The Fed won’t be what drives markets in 2023, wealth manager says

Markets were moved in a significant way by the Federal Reserve in 2022, as it implemented a campaign of monetary tightening to combat high inflation levels. Fed officials and economists expect rates to stay high next year, with reductions unlikely until 2024. But that doesn’t mean the Fed will remain the primary driver of the markets. Patrick Armstrong, chief investment officer at Plurimi Wealth, sees different financial drivers retaking the reins. “Next year I think it’s not going to be the Fed determining the market. I think it’s going to be companies, fundamentals, companies that can grow earnings, defend their margins, probably move higher,” Armstrong told CNBC’s “Squawk Box Europe” on Friday. “Bond yields are giving you a real return now, above inflation. So it’s a reasonable place to put capital now, whereas at the start of this year it didn’t make much sense. It was hard to expect a return above inflation where yields were.” The yield on the U.S. 10-year Treasury was at 3.856% on Friday, a rapid climb from 1.628% at the start of 2022. The yield on the benchmark note hit an all-time low of 0.55% in July 2020. Bond yields move inversely to prices.

“What happened this year was driven by the Fed,” Armstrong said. “Quantitative tightening, higher interest rates, they were pushed by inflation, and anything that was liquidity driven sold off. If you were equities and bond investors, came into the year getting less than a percent on a 10-year Treasury, which makes no sense. Liquidity was the driver of the market, [and] the liquidity, the carpet’s been pulled from underneath investors.” Armstrong did suggest that the U.S. may be “flirting with recession probably by the end of the first half of next year,” but noted that “it’s a very strong job market there, wage growth and consumption is 70% of the U.S. economy, so it’s not even sure that the U.S. does fall into recession.” Key for 2023, the CIO said, will be “to find companies that can defend their margins.
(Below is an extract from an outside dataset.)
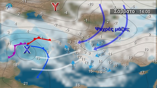 Πάντως στις κατώτερες στάθμες ο καιρός δείχνει ότι θα κρυώσει σημαντικά και αυτό πρακτικά σημαίνει ότι θα έχουμε χιονοπτώσεις όχι μόνο σε ορεινά και ημιορεινά αλλά, ακόμη και σε περιοχές με χαμηλότερο υψόμετρο στα κεντρικά και βόρεια. Αν είχαμε παράλληλα εντονότερη κατάβαση ψυχρών μαζών και στα 500 hPa με ΒΑ ρεύμα η κατάσταση θα ήταν εντονότερη. Μάλιστα, θυμίζουμε ότι στις κλασικές περιπτώσεις όπου δημιουργούνται επιφανειακά χαμηλά στο Ιόνιο ή το Αιγαίο Πέλαγος και αυτά συνδυάζονται με τον αντικυκλώνα που ακολουθεί, μπορούν να προκαλέσουν έντονα καιρικά φαινόμενα σε όλη την χώρα.
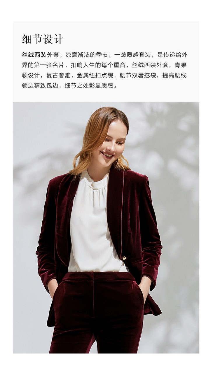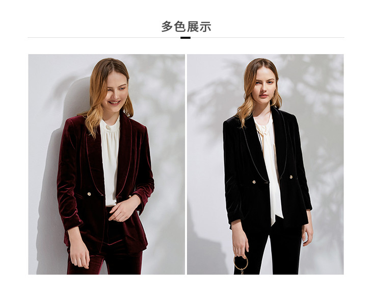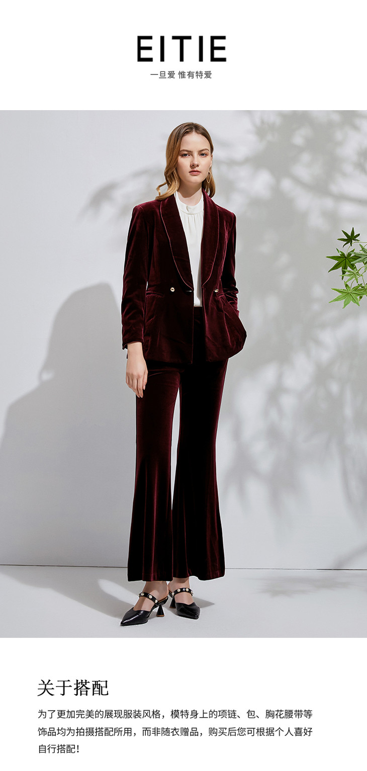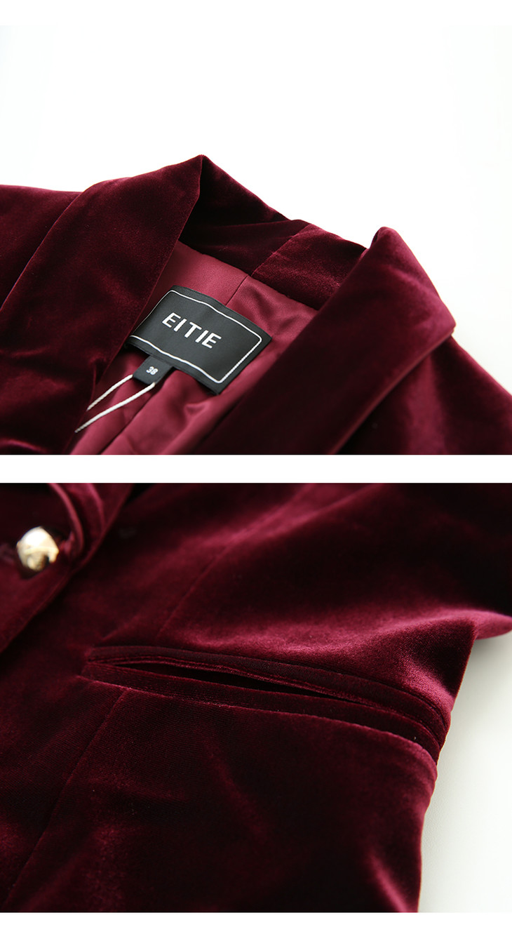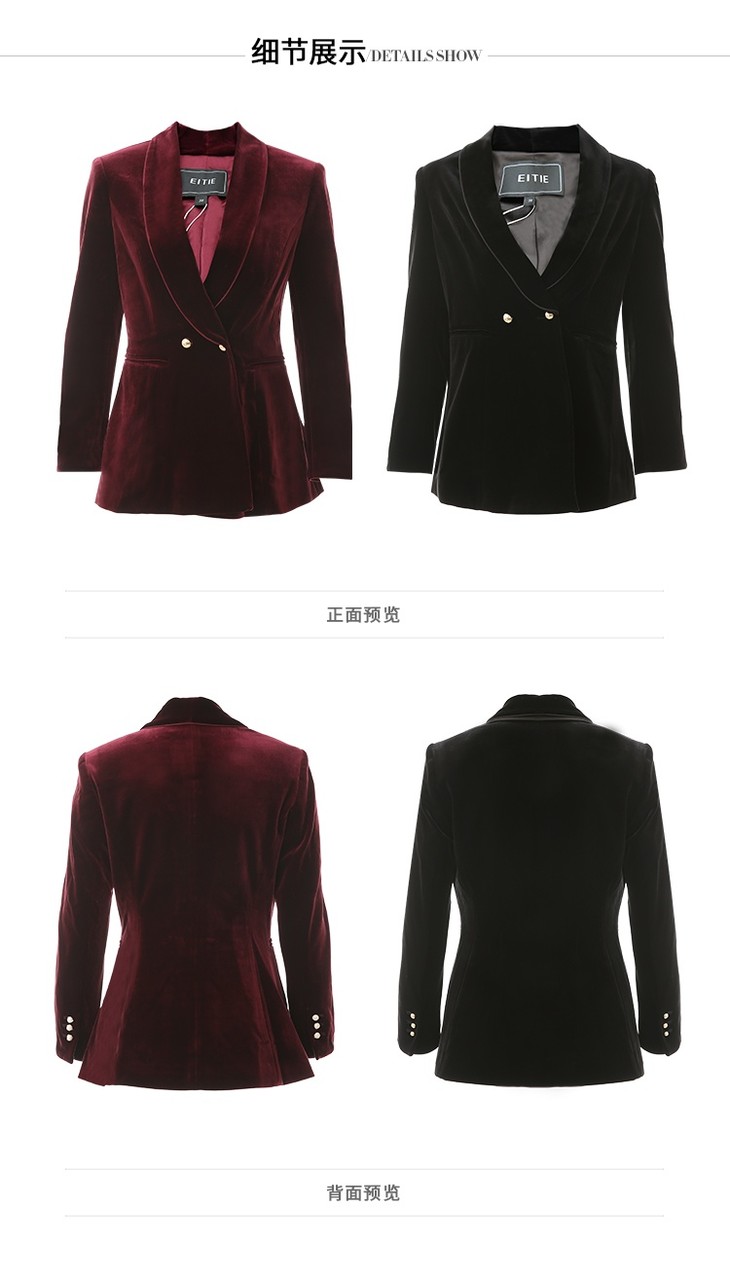 EITIE爱特爱春季新款洋气复古翻领收腰显瘦丝绒西装外套女6303007

Because that is the real risk for equities.” He noted that analysts have a 13% profit margin expectation for the S&P 500 in 2023, which is a record high. But inflation and Fed tightening can still present a challenge to that, Armstrong maintained. “I don’t think you can achieve that with a consumer that’s having their purses pulled in so many directions, from energy costs, mortgage costs, food prices, and probably dealing with a little bit of unemployment starting to creep up as the Fed continues to hike, and it’s designed to destroy demand,” Armstrong said. “So I think that is going to be the key inequities.”